Beginning with the line that contains "Hier finden Sie" in the material below, print each line exactly until the line that contains "2回目のサロンでは、折り紙と" has been printed, then stop.
━━━ Material to process
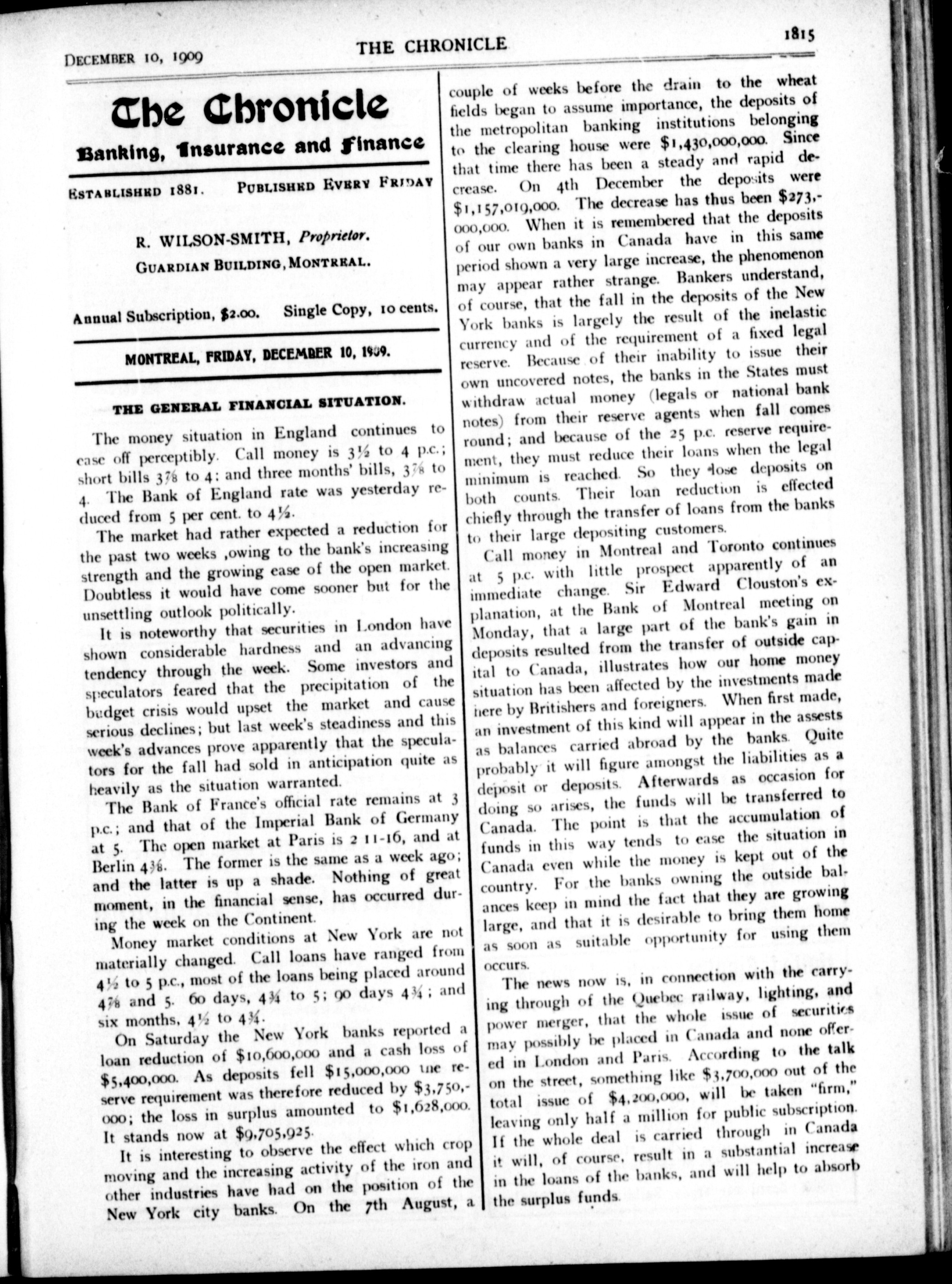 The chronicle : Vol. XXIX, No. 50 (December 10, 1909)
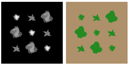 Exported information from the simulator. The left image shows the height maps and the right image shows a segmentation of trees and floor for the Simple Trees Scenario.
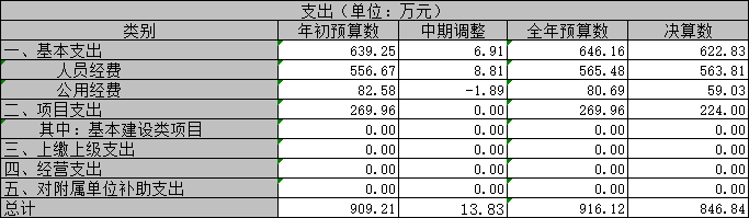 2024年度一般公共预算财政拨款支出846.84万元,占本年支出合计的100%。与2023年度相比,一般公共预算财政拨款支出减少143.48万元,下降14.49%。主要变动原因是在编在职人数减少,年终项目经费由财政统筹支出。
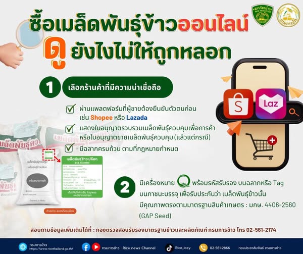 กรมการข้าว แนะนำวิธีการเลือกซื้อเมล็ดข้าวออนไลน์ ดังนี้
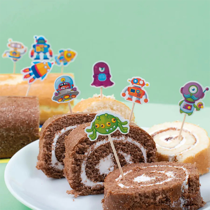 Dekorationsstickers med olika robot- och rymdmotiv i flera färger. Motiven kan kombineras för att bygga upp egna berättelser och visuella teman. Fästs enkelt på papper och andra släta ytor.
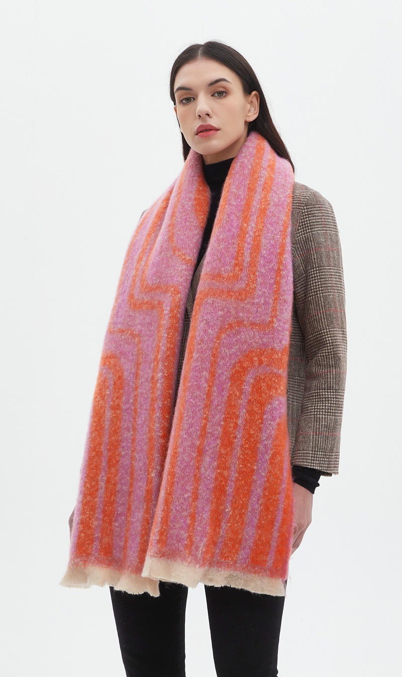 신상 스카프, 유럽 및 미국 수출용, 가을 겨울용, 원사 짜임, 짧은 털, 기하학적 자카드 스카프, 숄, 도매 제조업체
━━━━━━
━━━ Material to process
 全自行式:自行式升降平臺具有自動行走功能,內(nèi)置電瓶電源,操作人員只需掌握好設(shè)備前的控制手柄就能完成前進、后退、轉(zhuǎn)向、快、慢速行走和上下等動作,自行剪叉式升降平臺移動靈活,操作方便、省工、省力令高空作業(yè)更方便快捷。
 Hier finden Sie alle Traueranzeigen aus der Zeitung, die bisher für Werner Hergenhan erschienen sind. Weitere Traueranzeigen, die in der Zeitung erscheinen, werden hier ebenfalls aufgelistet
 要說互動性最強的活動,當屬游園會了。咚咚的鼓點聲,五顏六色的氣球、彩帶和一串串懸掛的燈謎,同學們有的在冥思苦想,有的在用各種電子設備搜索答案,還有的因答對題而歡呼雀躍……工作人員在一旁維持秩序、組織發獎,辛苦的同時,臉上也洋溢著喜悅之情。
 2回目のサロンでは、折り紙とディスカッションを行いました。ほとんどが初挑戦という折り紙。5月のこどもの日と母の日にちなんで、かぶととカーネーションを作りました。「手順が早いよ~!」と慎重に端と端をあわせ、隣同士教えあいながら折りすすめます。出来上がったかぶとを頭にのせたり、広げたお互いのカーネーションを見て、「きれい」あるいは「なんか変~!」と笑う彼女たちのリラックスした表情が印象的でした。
━━━━━━
━━━ Material to process
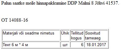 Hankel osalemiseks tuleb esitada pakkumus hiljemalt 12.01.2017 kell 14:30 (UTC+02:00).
━━━━━━
- Exercise output
 Hier finden Sie alle Traueranzeigen aus der Zeitung, die bisher für Werner Hergenhan erschienen sind. Weitere Traueranzeigen, die in der Zeitung erscheinen, werden hier ebenfalls aufgelistet
 要說互動性最強的活動,當屬游園會了。咚咚的鼓點聲,五顏六色的氣球、彩帶和一串串懸掛的燈謎,同學們有的在冥思苦想,有的在用各種電子設備搜索答案,還有的因答對題而歡呼雀躍……工作人員在一旁維持秩序、組織發獎,辛苦的同時,臉上也洋溢著喜悅之情。
 2回目のサロンでは、折り紙とディスカッションを行いました。ほとんどが初挑戦という折り紙。5月のこどもの日と母の日にちなんで、かぶととカーネーションを作りました。「手順が早いよ~!」と慎重に端と端をあわせ、隣同士教えあいながら折りすすめます。出来上がったかぶとを頭にのせたり、広げたお互いのカーネーションを見て、「きれい」あるいは「なんか変~!」と笑う彼女たちのリラックスした表情が印象的でした。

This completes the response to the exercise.